When it grew late, his disciples came up to him, and said, “This is a lonely spot, and it is already late.


it is late in the day
I repeat
it is late in the day
remember
we are on retreat
yes
intended to rest
but
the crowds
O
the crowds
here
a retreat setting
without
a retreat result
when
will you stop teaching
and comfort our hunger
for
it is late in the day
truly
it is late in the day


The Twelve were tired before they began what was to be a time of respite. Another retreat is alright if it must be, but a vacation, O, a vacation, that would be the ticket.
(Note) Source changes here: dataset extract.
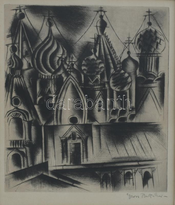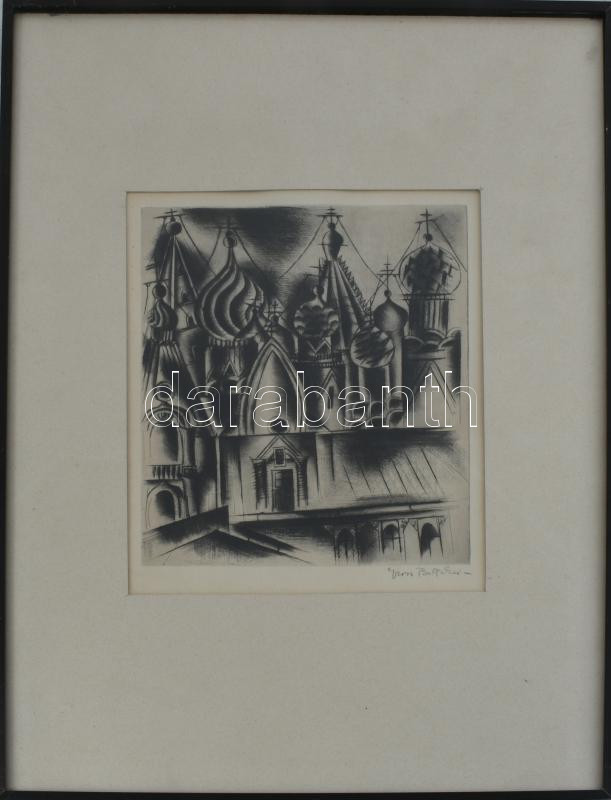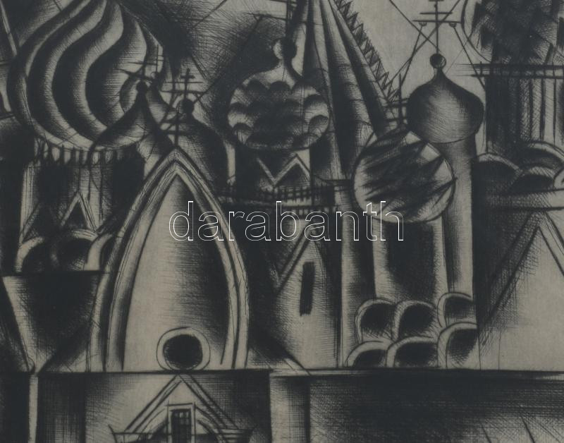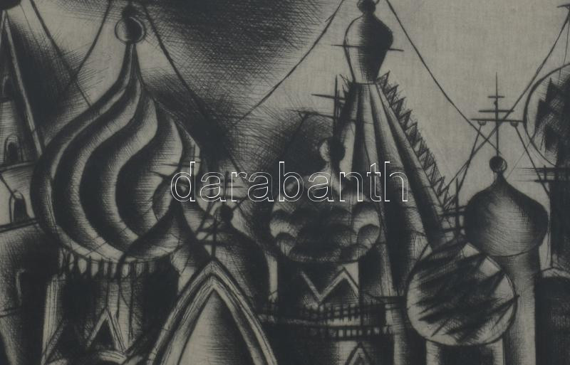 Gross-Bettelheim Jolán (1900-1972): Orosz templomtornyok. Hidegtű, papír, jelzett. Üvegezett keretben. 23×19 cm.

Now at the end of a day that revealed there was not going to be a party just for them, the isolation of the crowded place they found themselves in began to grate.

With these few words we shift from the reports of the Victory Tour of the Twelve to an example of how short-lived our high-points are and how easily they are lost.

LaVerdiere172 clarifies this shift:

With the contrasting reaction of Jesus and the disciples, the setting is complete and the story is engaged. Jesus accepted to be shepherd for the crowd, but the disciples, overwhelmed by the size of the crowd and the harsh conditions of the desert, refused. They even asked Jesus the shepherd to send the crowd away.

There is much irony in the contrast. Jesus had sent his disciples to a desert place where they might rest and find nourishment (6:31). The disciples wanted the crowd sent away from the desert back to the farms and villages to find themselves something to eat (6:35–36). It did not occur to them how they would find nourishment for themselves in the desert.

Earlier Jesus had sent the disciples on mission with instructions to take no food, no money, not even a sack for the Exodus journey. Jesus’ intention was that they should not rely on such things to fulfill their mission. But now with the vast crowd in the desert, and without food and money, they felt totally unable to fulfill their mission and were prepared to abandon it.

Readers of Mark are responders to Mark. Pause for a reflection on where you might be on the brag—whine continuum.